A) Intuitively, if the agent submits a string of bits that uses substantially more than 1GB worth of randomness, then he is extremely likely to receive no box at all.

B) Intuitively, if the agent uses only about 1GB or less worth randomness, then the seller – using the buyer’s source code will likely be able to predict w[i] with high accuracy based on w[1…i-1].

I don’t want to argue too rigorously for either of these, but below I’ll give intuitions and some sketches of the information-theoretic arguments that one would need to give to make them more rigorous.

A) The very simple point here is that if you create, say, a 2GB bitstring w where each bit is determined by a fair coin flip, then it is very unlikely that there exists a program that deterministically outputs w. After all, there are many more ways to fill 2GB of bits than there are 1GB programs (about 2^(2^33) as many). From this one may be tempted to conclude that if the agent determines, say, 2GB of the TB of choices by flipping coin, he is likely to receive no box. But this argument is incomplete, because there are other ways to use coin flips. For example, the buyer might use the following policy: Flip 2GB worth of coins. If they all come up heads, always take box B. Otherwise follow some given deterministic procedure.

To make the argument rigorous, I think we need to state the claim information-theoretically. But even this is a bit tricky. For example, it is not a problem per se for w to have high entropy if most of the entropy comes from a small part of the distribution. (For example, if with probability 0.01 the seller randomizes all choices, and with the remaining probability always chooses Box 1, then the entropy of w is 0.01*1TB = 10GB (??), but the buyer is still likely to receive a box.) So I think we’d need to make a more complicated claim, of the sort: if there is no substantial part (say, >p) of the distribution over w that has less than, say, 2GB of entropy, then with high probability (>1-p), the agent will receive no box.
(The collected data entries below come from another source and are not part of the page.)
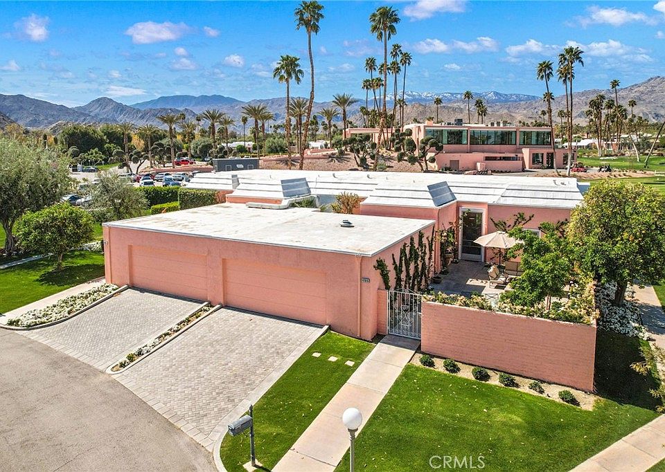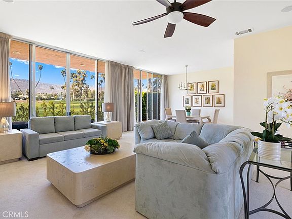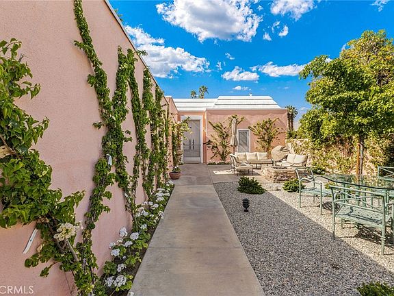 Welcome to Marrakesh Country Club, the Jewel of the Desert. Marrakesh is a boutique golf community designed by renowned Hollywood architect, John Elgin Woolf. The community is located right in the heart of Palm Desert, just a stone's throw from the upscale shopping and dining district of El Paseo. This updated 1 bed, 2 bath classic home features an oversized beautifully landscaped front courtyard, a wood-burning fire pit, and an outdoor shower nestled in the atrium. As you step through the oversized double doors, you'll be welcomed into a spacious living room and dining room, complete with a wall-mounted surround sound TV, modern electric fireplace, and a new Air conditioning system. The kitchen boasts new appliances, an adjoining laundry room, and a pantry for all your culinary needs. The true beauty of this home lies in its panoramic views - walls of glass open to a rear patio that leads you to a brand new putting green and a state-of-the-art, brand new Stunning Clubhouse which opened just this year. The lush desert landscape adds to the ambiance, making this home a true oasis. Come and experience the Magic of Marrakesh!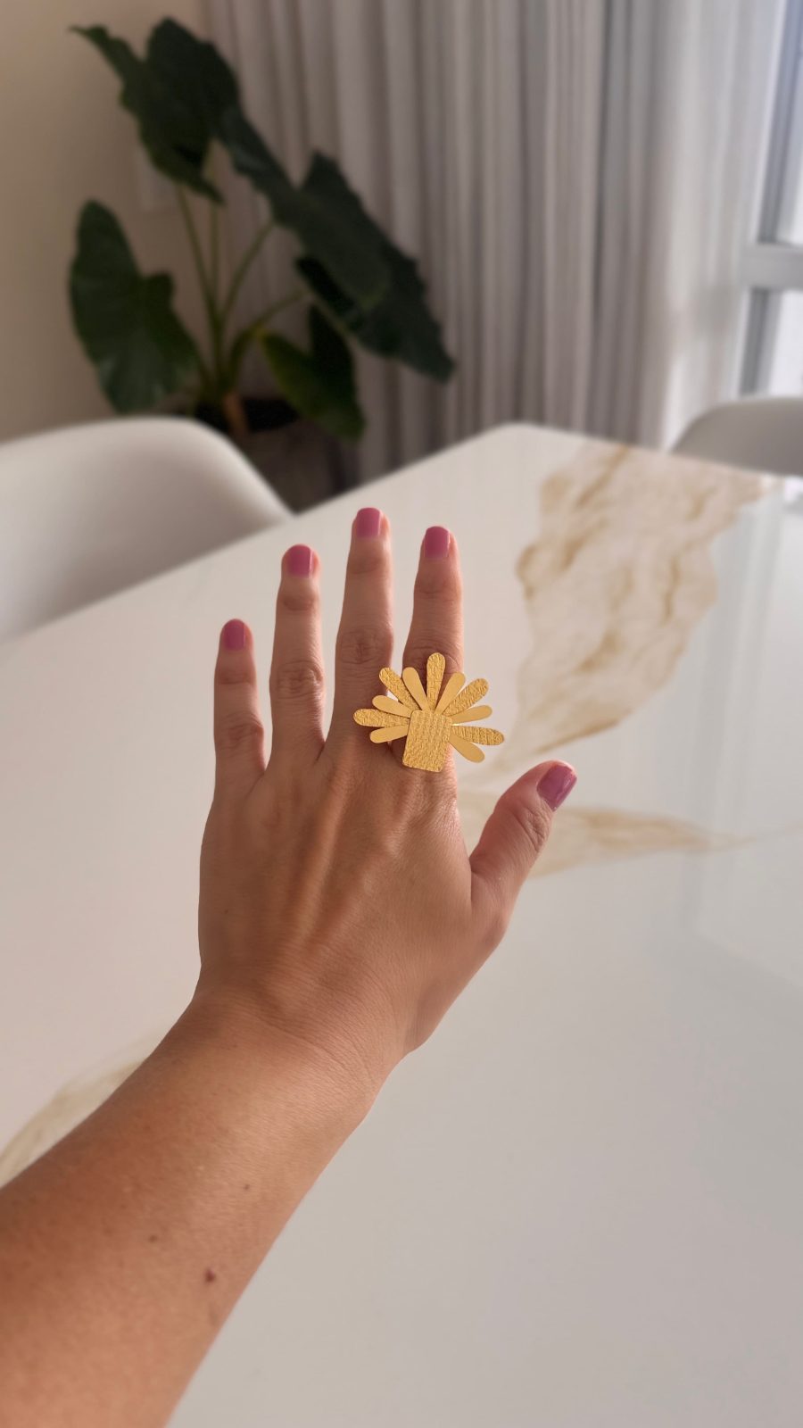 Anillo ajustable elaborado en bronce con baño en oro de 24kt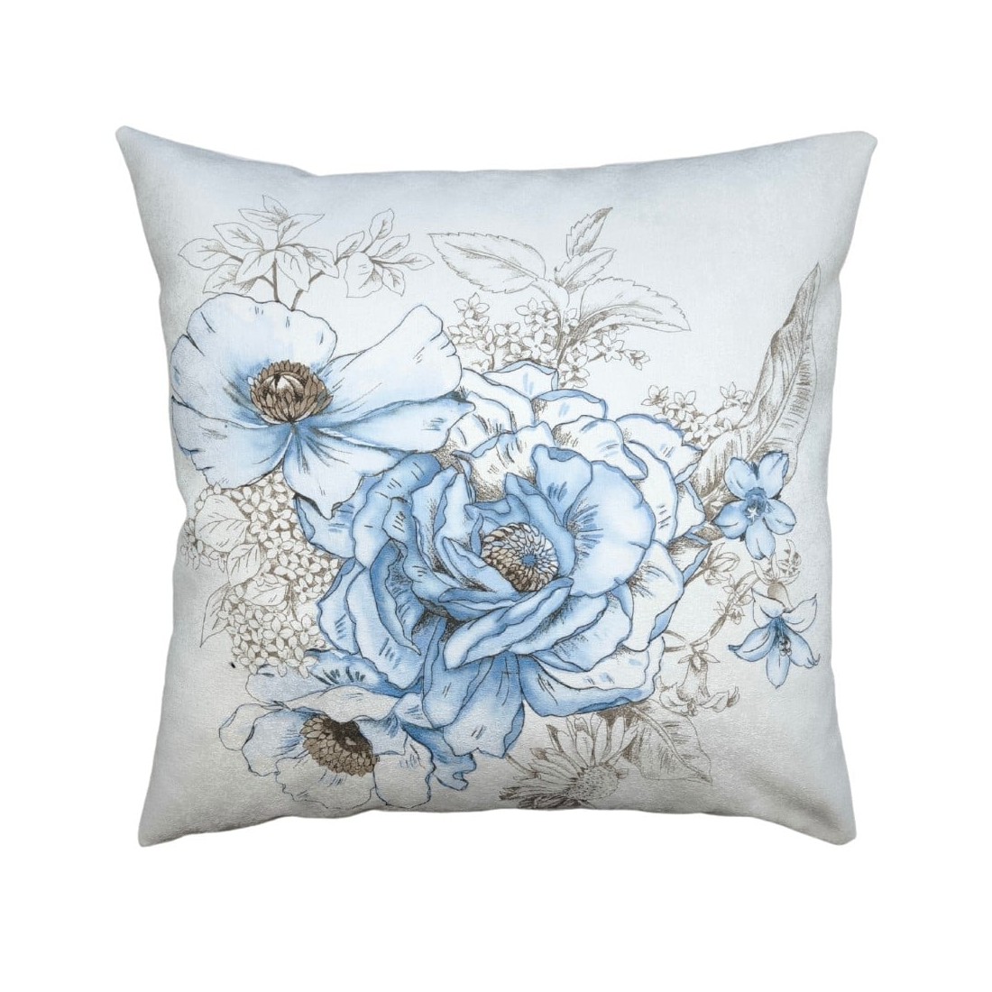 Printed cushion with blue flowers and feather-drawn leaves 45x45 LILY C.3

B) Again, we can make a simple but incomplete argument: If of the 1TB of choices, only, say, 2GB are determined by random coin flips, then a randomly sampled bit is likely to be predictable from the agent’s source code. But again, the problem is that the random coin flips can be used in other ways. For example, the buyer might use a deterministic procedure to determine w (say, w=01010101…), but then randomly generate a number n (with any number n chosen with probability 2^-n, for instance), then randomly sample n indices j of w and flip w[j] for each of them. This may have relatively low entropy. But now the seller cannot perfectly predict w[i] given w[1…i-1] for any i.
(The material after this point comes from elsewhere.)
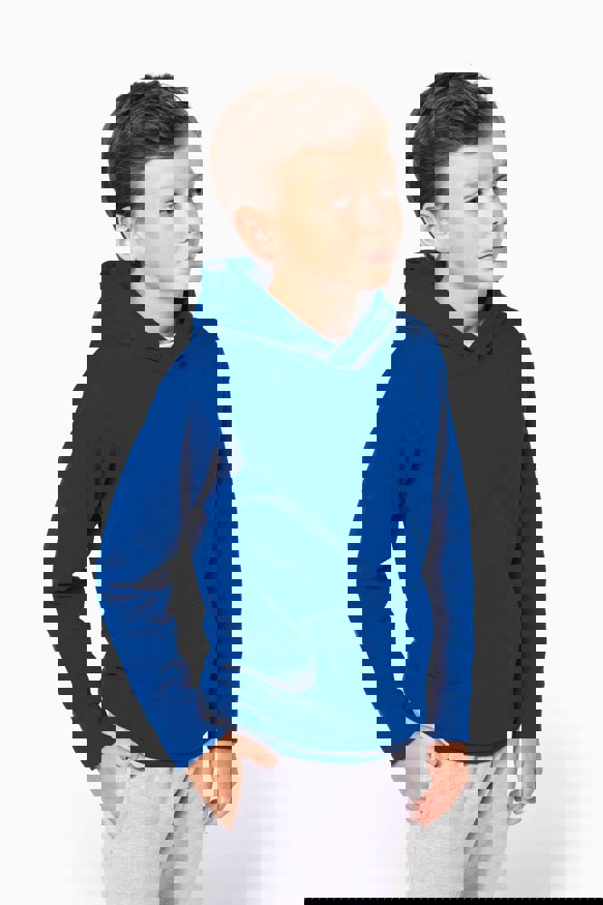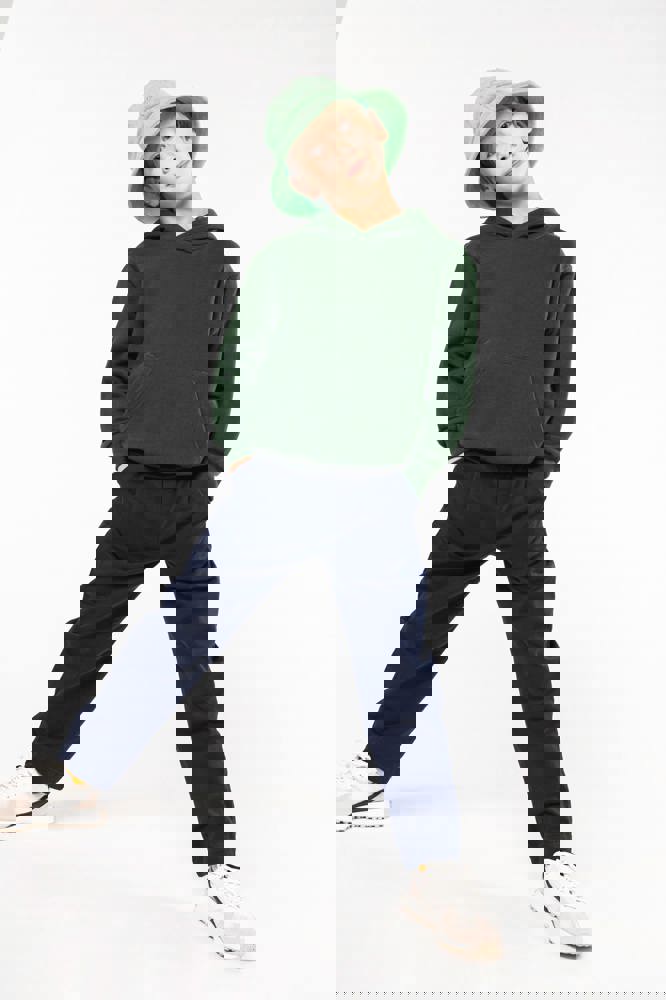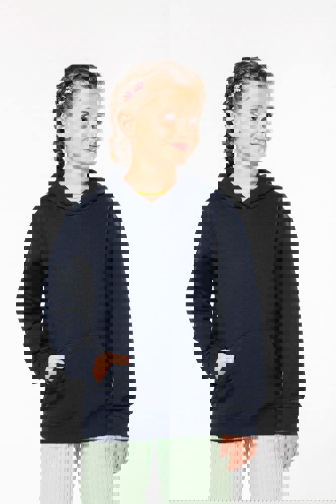 80% katoen / 20% polyester. Gekamd katoen. Geborsteld fleece aan de binnenkant. Ingezette mouwen. Gevoerde capuchon. Kangoeroezakken. Ribboord aan mouwuiteinden en aan de onderkant.

Again, I think a rigorous argument requires information theory. In particular, we can use the fact that H(w) = H(w[0])+H(w[1]|w[0])+H(w[2]|w[0,1])+…, where H denotes entropy. If H(w) is less than, say, 2GB, then the average of H(w[i]|w[1…i-1]) must be at most 2GB/1TB = 1/500. From this, it follows immediately that with high probability, w[i] can be predicted with high accuracy given w[1…i-1].

2. This is essential, but straightforward: Generating w at random causes the seller to determine that w is determined at random. Therefore, CDT (accurately) assesses randomly generating w to have an expected utility near \$-1.

3. Finally, I want to argue that CDT will recommend buying a box. For this, we only need to argue that CDT prefers some method of submitting w over not submitting a box. So consider the following procedure: First, assign beliefs over the seller’s prediction w’[0] of the first bit. Since there are only two possible boxes, for at least one of the boxes j, it is the case that P(w’[0]=j)<=½, where P refers to the probability assigned by the buyer. Let w[0] = j. We now repeat this inductively. That is, for each i given the w[1…i-1] that we have already constructed, the buyer sets w[i]=k s.t. P(w’[i]=k||w[1…i-1])<=½.

What’s the causal expected utility of submitting w thus constructed? Well, for one, because the procedure is deterministic (if ties are broken deterministically), the buyer can expect that she will receive a box at all. Now, for all i, the buyer thinks that if i is sampled by the seller for the purpose of determining which box to give to the buyer, then the buyer will in causal expectation receive \$1.50, because the seller will predict the wrong box, i.e. w’[i] ≠ w[i], with probability at least ½.